The time has come for the developed world to attend to its own problems, and stop lecturing emerging economies about what is right and what is wrong, Finance Minister Palaniappan Chidambaram said on Monday.

As growth looks sure to slow in much of the rich world, partly due to the fallout from reckless lending in the United States, new economic powerhouses like India say they are tired of being told what to do.

"For too long the advanced economies have told the developing economies that this is right and this is wrong," Chidambaram told Reuters on the sidelines of the annual meetings of the International Monetary Fund and World Bank.

India has been one of the most vocal emerging countries pushing for changes in the IMF to reflect the rising economic strength of the developing world.

The Indian minister missed out on being elected head of the IMF's steering committee, the International Monetary and Financial Committee, after the job went to a European, Italian Economy Minister Tommaso Padoa-Schioppa. as has almost always been the case.

The selection of Padoa-Schioppa followed quickly on the heels of a decision to give the IMF's top job of managing director to France's Dominique Strauss-Kahn, much to the chagrin of those who say the global lender needs to reflect better the world's changing economic landscape, in which China and India are big players.

Chidambaram said that in future these jobs should be opened to countries beyond Europe.

But his biggest criticism was of financial authorities in developed countries for not keeping up with the new and complex financial market instruments that lay behind recent credit market turmoil.

"Their regulators have fallen behind.
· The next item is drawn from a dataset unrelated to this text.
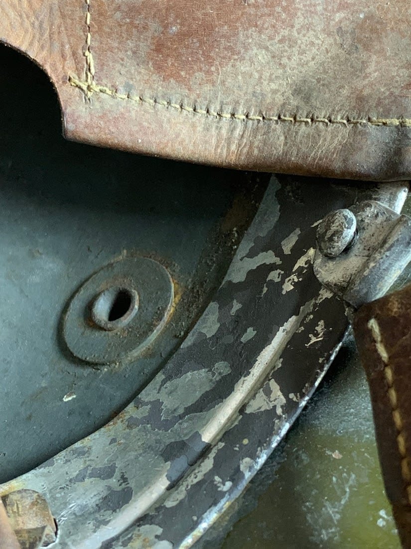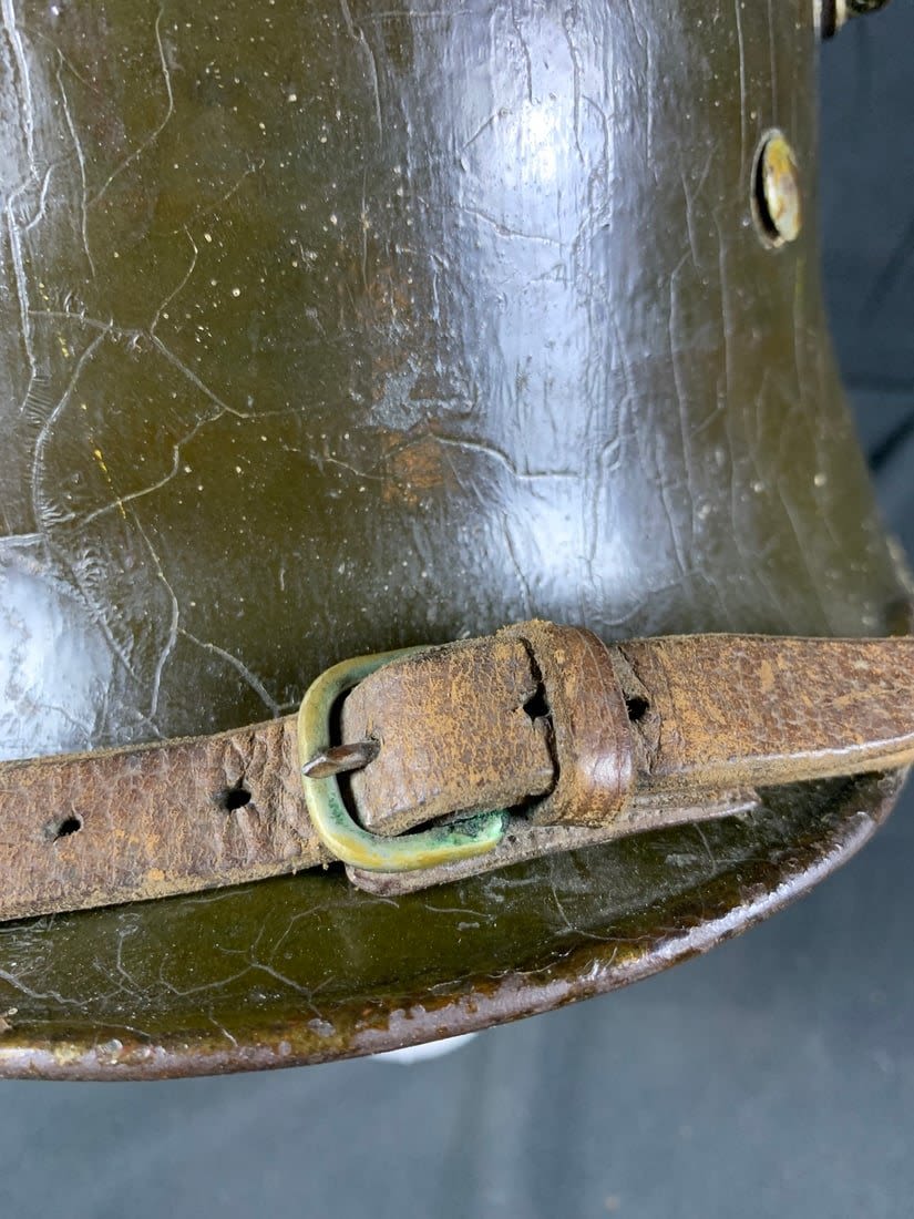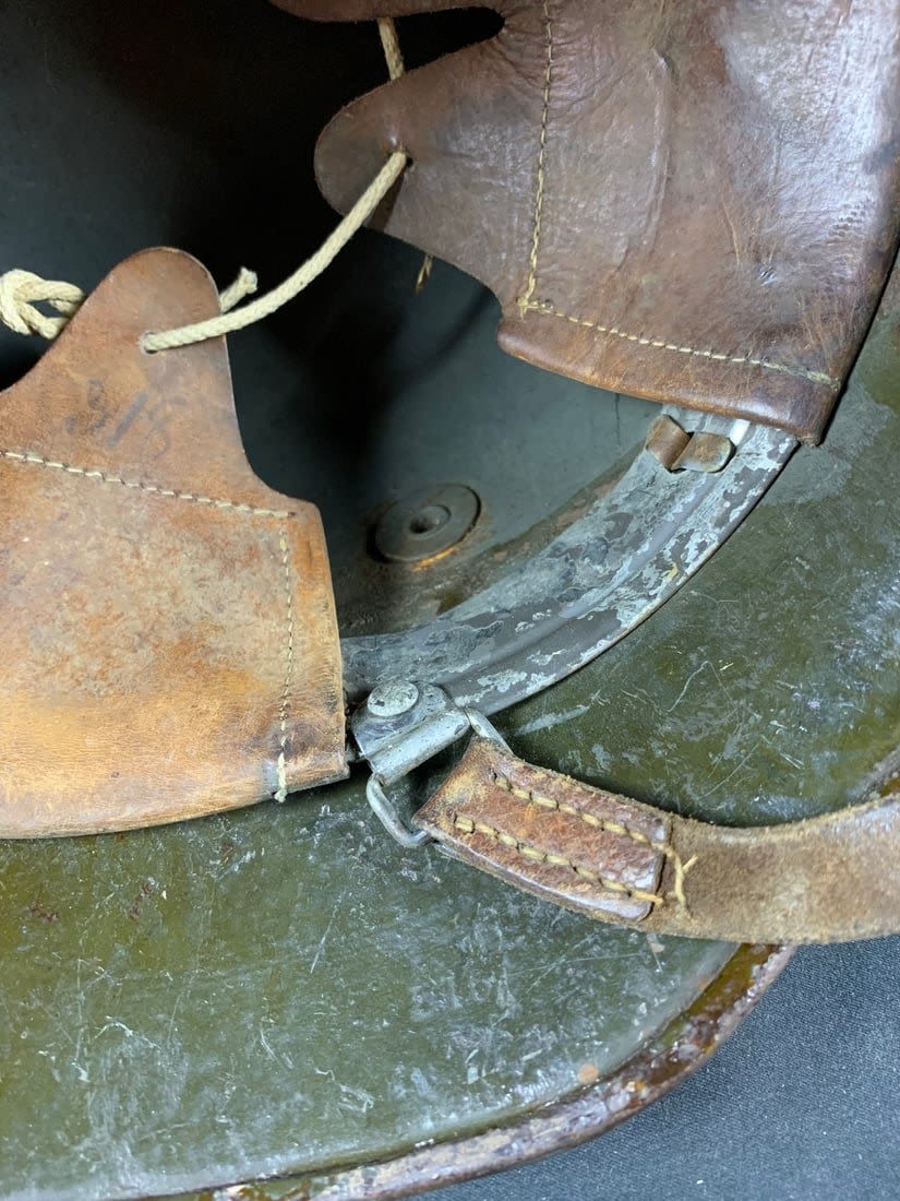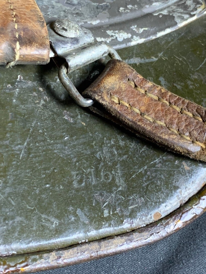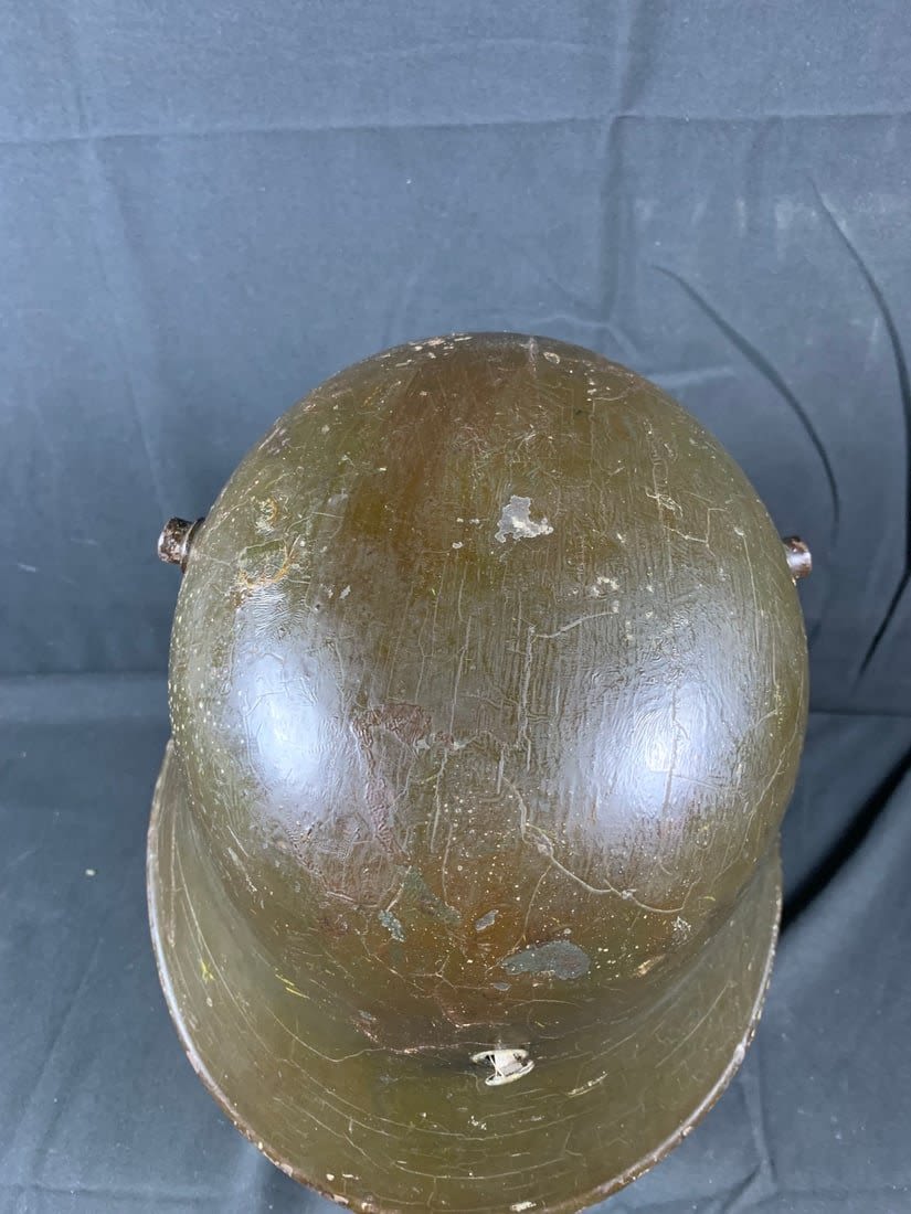 Helmet does show signs of being laquered for preservation. Stamped ET6. Possibly reissued for WW2 Use.

They are beginning to rethink their regulatory structure," he said.

"I am told in the UK there is urgent consideration of the fact that response is divided between three separate institutions - the Financial Services Authority, the Bank of England and the government. They want to know where the buck stops," he said.

Britain suffered its first bank run in more than a century last month after mortgage lender Northern Rock fell foul of the global credit crunch, which started as a result from defaults in the US mortgage market but soon spread elsewhere.

"Thanks to the present crisis which originated in the advanced economies. I think developed economies will listen more to the developing economies' point of view," Chidambaram said.

It also showed that India was right to be cautious about opening up its economy and only proceeding once the correct regulations were in place, he said.

"In the name of innovation, regulators or governments in the advanced economies have fallen behind the curve," he said.

"The lesson is that the model we have adopted, cautious calibrated opening of the economy, is perhaps the right model."

"Regulation must stay one step ahead of innovation," he added.